I won't say that I know them as I've barely talked to any of them. I have gotten to know some of their parents, however.
and Brock & Kathy Gillanders have been among a large group of people that have made me feel wanted within the GWH community. It is in no small part due to them that I am comfortable being a part of a large, friendly group. It can be very difficult for people with autism to gain that confidence and they have gone out of their way to make me a part of their gatherings.
And from what I can tell about the players without having really met them is that they are a very appealing bunch to root for. That's true of their play on the ice but also off of it. I can even pinpoint the exact moment when I came to that conclusion. The Power Play Club holds two postgame receptions every year that the players attend. At the first one, the freshmen get called up one by one and interviewed briefly. Then the floor is thrown open for questions, most of which come from their teammates. At the first reception I attended in the fall of 2010, Kelly Terry asked Baylee Gillanders to do her cow impression. I must admit that it is a very good cow impression but it was the interplay between the players that won me over.
In the intervening four years I have become an author.
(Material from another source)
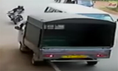 Un motard qui roule sur une route en Thaïlande veut doubler un véhicule par la gauche et au même moment arrive une camionnette en sens inverse qui le percute. Mais le motard va être heurté au niveau de la tête et être éj...

I am as yet unpublished but I have both a collection of short stories and a novel that I am working on. Aside from all of the indirect ways that the changes becoming a fan of this team halped me to go in that direction, there is also a very direct way in which it never would have happened if I hadn't. So they have had a profound impact on my life.
There are plenty of other players on the team that I love to watch and there are other fans and parents that I enjoy getting together with. But this four have been special to me in ways that go far beyond wins and losses. I'm going to miss them a lot and it probably won't ever be quite the same.